[llvm] [RISCV] Separate addend from FMA operands to support cascade FMA. NFC. (PR #70241)
Yingwei Zheng via llvm-commits
llvm-commits at lists.llvm.org
Wed Oct 25 11:44:31 PDT 2023
https://github.com/dtcxzyw created https://github.com/llvm/llvm-project/pull/70241
This PR separate addend from FMA operands to support cascade FMA. In some microarchitectures (e.g., ARM cortex-a72 and XiangShan-NanHu), FP multiply-accumulate pipelines support late-forwarding of accumulate operands, which reduces the latency of a sequence of multiply-accumulate instructions.
See also #70232.
>From 5f0da9b6b68b617ee623df19538e2b0595c5fd00 Mon Sep 17 00:00:00 2001
From: Yingwei Zheng <dtcxzyw2333 at gmail.com>
Date: Thu, 26 Oct 2023 02:37:48 +0800
Subject: [PATCH] [RISCV] Separate addend from FMA operands to support cascade
FMA. NFC.
---
llvm/lib/Target/RISCV/RISCVInstrInfoD.td | 2 +-
llvm/lib/Target/RISCV/RISCVInstrInfoF.td | 2 +-
llvm/lib/Target/RISCV/RISCVInstrInfoZfh.td | 2 +-
llvm/lib/Target/RISCV/RISCVSchedRocket.td | 2 ++
llvm/lib/Target/RISCV/RISCVSchedSiFive7.td | 3 +++
llvm/lib/Target/RISCV/RISCVSchedSyntacoreSCR1.td | 2 ++
llvm/lib/Target/RISCV/RISCVSchedule.td | 3 +++
7 files changed, 13 insertions(+), 3 deletions(-)

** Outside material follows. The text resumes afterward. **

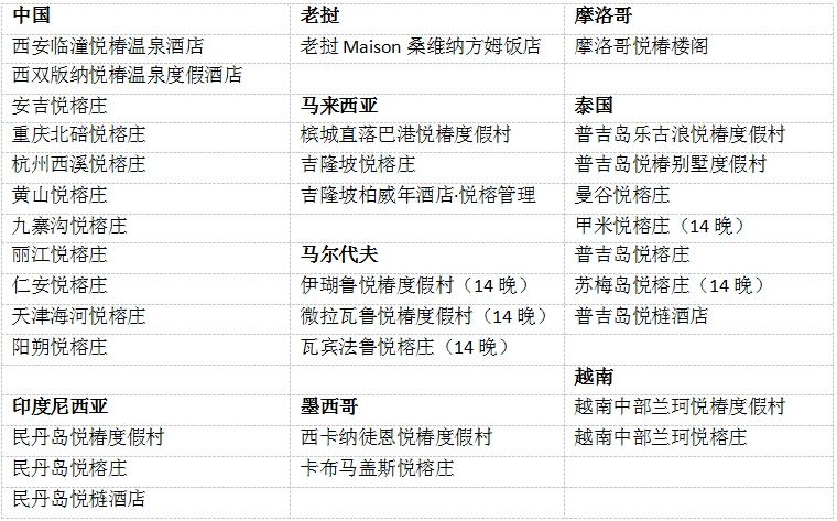 “悦隐境”长住礼遇可预订酒店列表: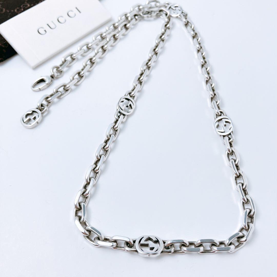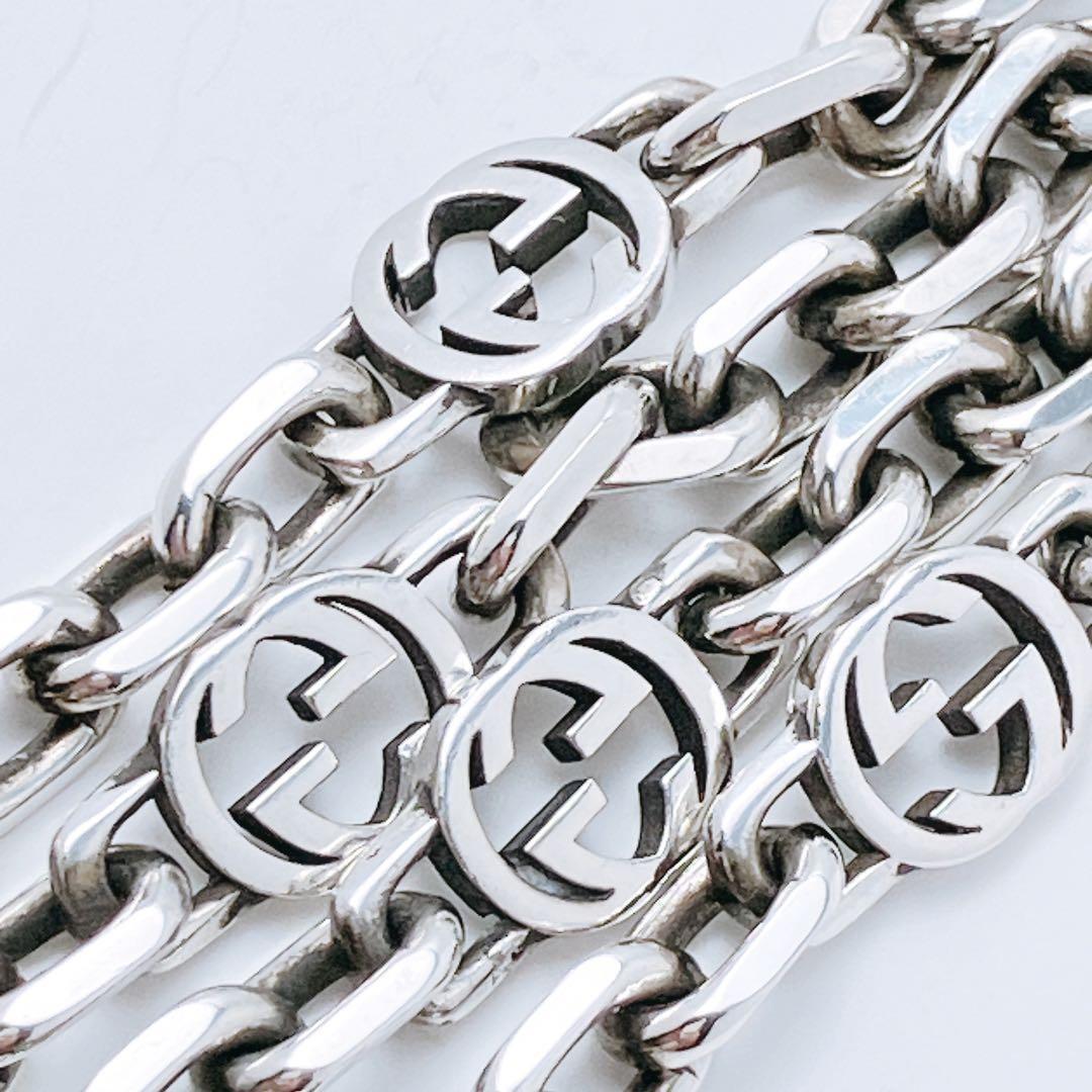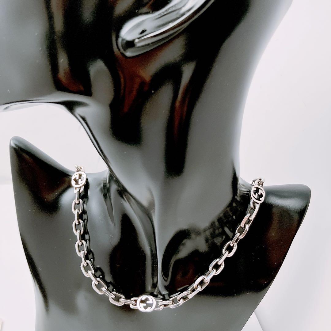 洗浄済 グッチ GUCCI 925 ネックレス シルバー メンズ ON445 チェーン インターロッキング アクセサリー ペンダント

diff --git a/llvm/lib/Target/RISCV/RISCVInstrInfoD.td b/llvm/lib/Target/RISCV/RISCVInstrInfoD.td
index 59312f02aeceb77..34becfafe77473d 100644
--- a/llvm/lib/Target/RISCV/RISCVInstrInfoD.td
+++ b/llvm/lib/Target/RISCV/RISCVInstrInfoD.td
@@ -78,7 +78,7 @@ def FSD : FPStore_r<0b011, "fsd", FPR64, WriteFST64>;
} // Predicates = [HasStdExtD]
foreach Ext = DExts in {
- let SchedRW = [WriteFMA64, ReadFMA64, ReadFMA64, ReadFMA64] in {
+ let SchedRW = [WriteFMA64, ReadFMA64, ReadFMA64, ReadFMA64Addend] in {
defm FMADD_D : FPFMA_rrr_frm_m<OPC_MADD, 0b01, "fmadd.d", Ext>;
defm FMSUB_D : FPFMA_rrr_frm_m<OPC_MSUB, 0b01, "fmsub.d", Ext>;
defm FNMSUB_D : FPFMA_rrr_frm_m<OPC_NMSUB, 0b01, "fnmsub.d", Ext>;
diff --git a/llvm/lib/Target/RISCV/RISCVInstrInfoF.td b/llvm/lib/Target/RISCV/RISCVInstrInfoF.td
index 8726245f1602ebf..3a5794bb2d19474 100644
--- a/llvm/lib/Target/RISCV/RISCVInstrInfoF.td
+++ b/llvm/lib/Target/RISCV/RISCVInstrInfoF.td
@@ -302,7 +302,7 @@ def FSW : FPStore_r<0b010, "fsw", FPR32, WriteFST32>;
} // Predicates = [HasStdExtF]
foreach Ext = FExts in {
- let SchedRW = [WriteFMA32, ReadFMA32, ReadFMA32, ReadFMA32] in {
+ let SchedRW = [WriteFMA32, ReadFMA32, ReadFMA32, ReadFMA32Addend] in {
defm FMADD_S : FPFMA_rrr_frm_m<OPC_MADD, 0b00, "fmadd.s", Ext>;
defm FMSUB_S : FPFMA_rrr_frm_m<OPC_MSUB, 0b00, "fmsub.s", Ext>;
defm FNMSUB_S : FPFMA_rrr_frm_m<OPC_NMSUB, 0b00, "fnmsub.s", Ext>;
diff --git a/llvm/lib/Target/RISCV/RISCVInstrInfoZfh.td b/llvm/lib/Target/RISCV/RISCVInstrInfoZfh.td
index b65e9f5af033194..1dc391d3f084fec 100644
--- a/llvm/lib/Target/RISCV/RISCVInstrInfoZfh.td
+++ b/llvm/lib/Target/RISCV/RISCVInstrInfoZfh.td
@@ -85,7 +85,7 @@ def FSH : FPStore_r<0b001, "fsh", FPR16, WriteFST16>;
} // Predicates = [HasHalfFPLoadStoreMove]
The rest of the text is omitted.